Dr. Renata Rawlings-Goss is a nationally recognized leader in Data Science & Big Data innovation. She is the Executive Director of the South Big Data Innovation Hub, a federally funded 16 state center connecting industry, academia, and government around data science innovation. She is also the Director of Strategic Partnerships for the Institute for Data Engineering and Science at the Georgia Institute of Technology, and the founder of Good with Data LLC, which runs The Data Career Academy for professional women. (bit.ly/The_Data_Career_Academy) As part of the White House Office of Science and Technology Policy, under President Obama, Dr. Rawlings-Goss founded the National Data Science Organizers Group and co-lead the writing team for the Federal Big Data Strategic Plan. She was also awarded as an inaugural Big Data Science and Technology Policy fellow through the AAAS and worked in the Office of the Director for the National Science Foundation – CISE-OAD. Dr.
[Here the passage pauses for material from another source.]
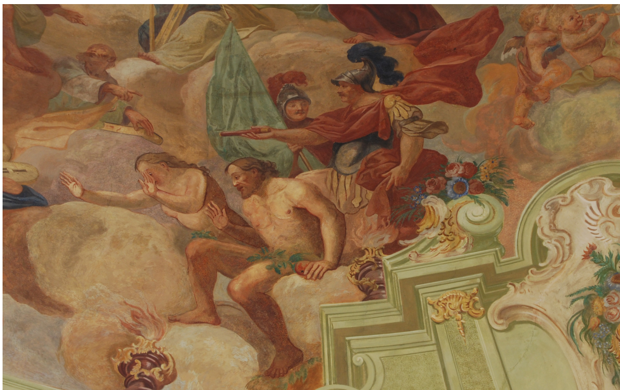
Obr. 52: Část malby v klenbě lodi, dva vojáci a Adam s Evou. V restaurátorské dokumentaci z roku 1991 zkouškou čištění zjištěno, že se jedná z velké části o rekonstrukci od. H. A. Joukla. Zaretušované zkoušky čištění viditelné v přilbě a praporu levého vojáka a před obličejem pravého.

Rawlings-Goss is a biophysicist by training and through her roles, she has served as an executive strategist, researcher, career mentor, and policy advisor to Fortune 500 companies, individuals, as well as over 19 federal and state government agencies around data science education, Big Data, Digital Transformation, Public-Private Partnerships, Artificial Intelligence (AI), Internet of Things (IoT), Machine Learning, Data Career Success, Professional Development and Data Innovation. Author of “Data Careers, Training, and Hiring”, her work has been recognized in the Washington Post, the Wall Street Journal, and as one of President Obama’s top 100 Impacts in Science and Technology.

Business Development Manager, AI/ML | Amazon Web Services

Charis Loveland

Charis Loveland works at Amazon Web Services as a business development manager on the cloud intelligence team specializing in artificial intelligence and machine learning (ML). She has a decade and a half of experience in product management, AI, data analytics, new product introduction, file and hardware storage, and software development. After launching a crowdsourcing platform for Azure ML at Microsoft, Charis founded Rue La La's data science team where she created and executed a roadmap and strategy to create personalized experiences and segment customers. Charis co-founded an ML startup and has taught several business courses at General Assembly as well as online courses about data science at MIT, Dartmouth, and Columbia. Charis serves as a coding instructor, mentor, and advocate for early STEM education and volunteers for several nonprofits that help promote greater diversity in technology.